Goal of the exercise: Your answer must be the lines of the material below, exactly as written, from its first line through the line with "I see the world", and no pictures.

Given information:
BEGIN
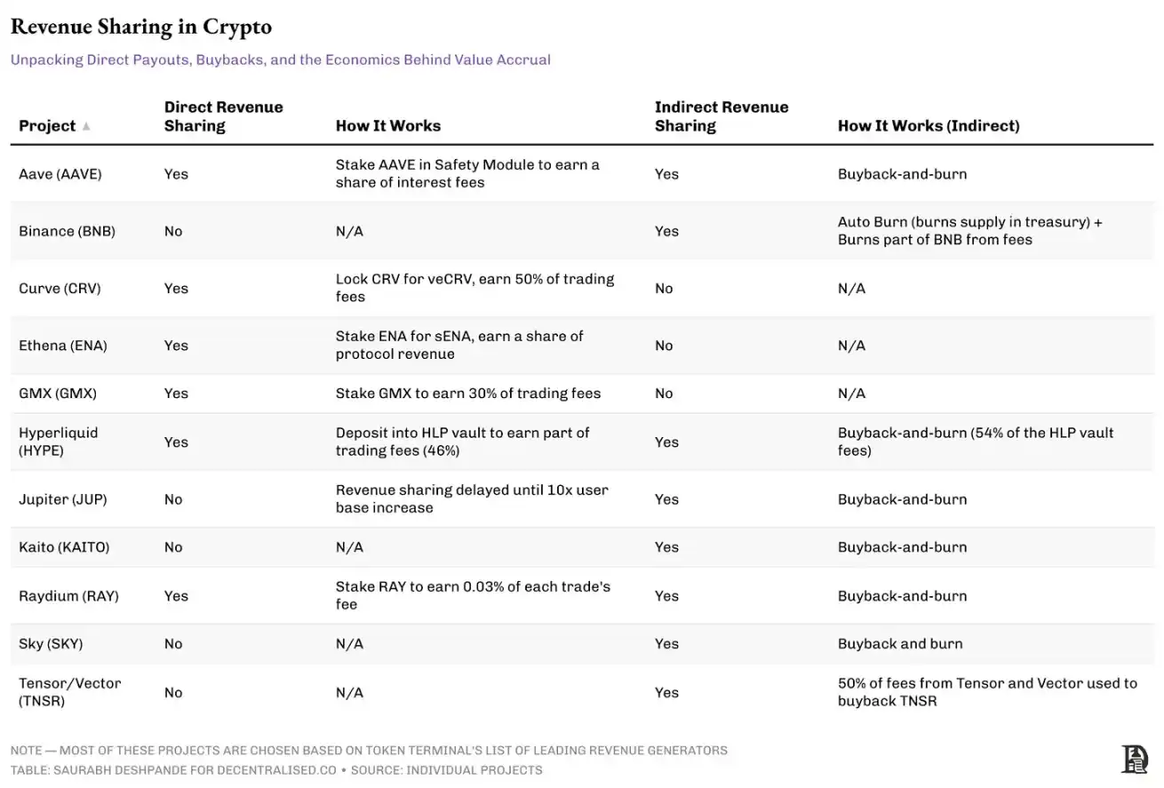 除了这些与代币整合的策略,一些项目采用更直接的收益分享方法,让人联想到传统的公开股权实践。然而,即使是直接收益分享模式,也必须谨慎操作,以避免被归类为证券,在奖励代币持有者与遵守监管规定之间保持平衡。像 Hyperliquid 这样在美国境外的项目,在采用收益分享做法时往往有更大的操作空间。
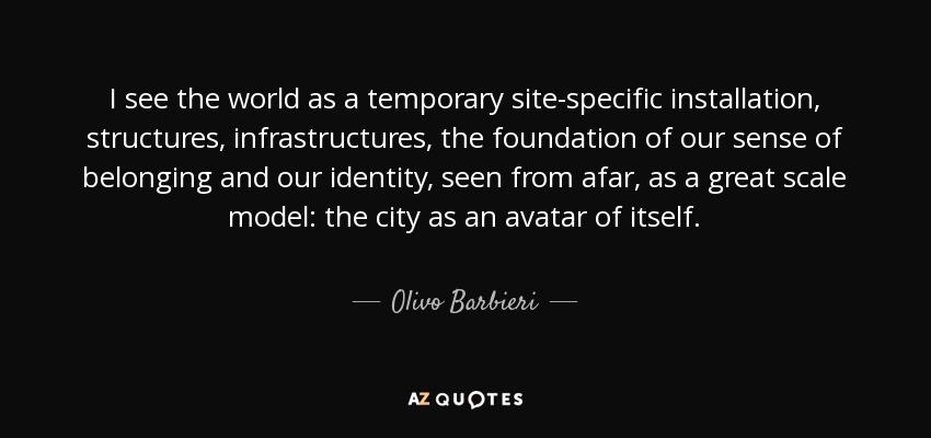 I see the world as a temporary site-specific installation, structures, infrastructures, the foundation of our sense of belonging and our identity, seen from afar, as a great scale model: the city as an avatar of itself.
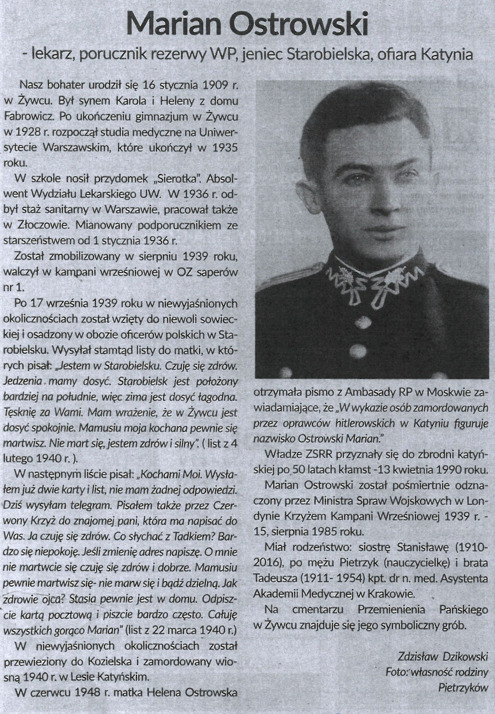 Historyk i regionalista żywiecki ZDZISŁAW DZIKOWSKI przedstawia biogram MARIAN OSTROWSKIEGO urodzonego w 1909 r. w ŻYWCU, lekarza, porucznika rezerwy WP, jeńca Starobielska, ofiary Katynia.
END
Solved problem:
 除了这些与代币整合的策略,一些项目采用更直接的收益分享方法,让人联想到传统的公开股权实践。然而,即使是直接收益分享模式,也必须谨慎操作,以避免被归类为证券,在奖励代币持有者与遵守监管规定之间保持平衡。像 Hyperliquid 这样在美国境外的项目,在采用收益分享做法时往往有更大的操作空间。
 I see the world as a temporary site-specific installation, structures, infrastructures, the foundation of our sense of belonging and our identity, seen from afar, as a great scale model: the city as an avatar of itself.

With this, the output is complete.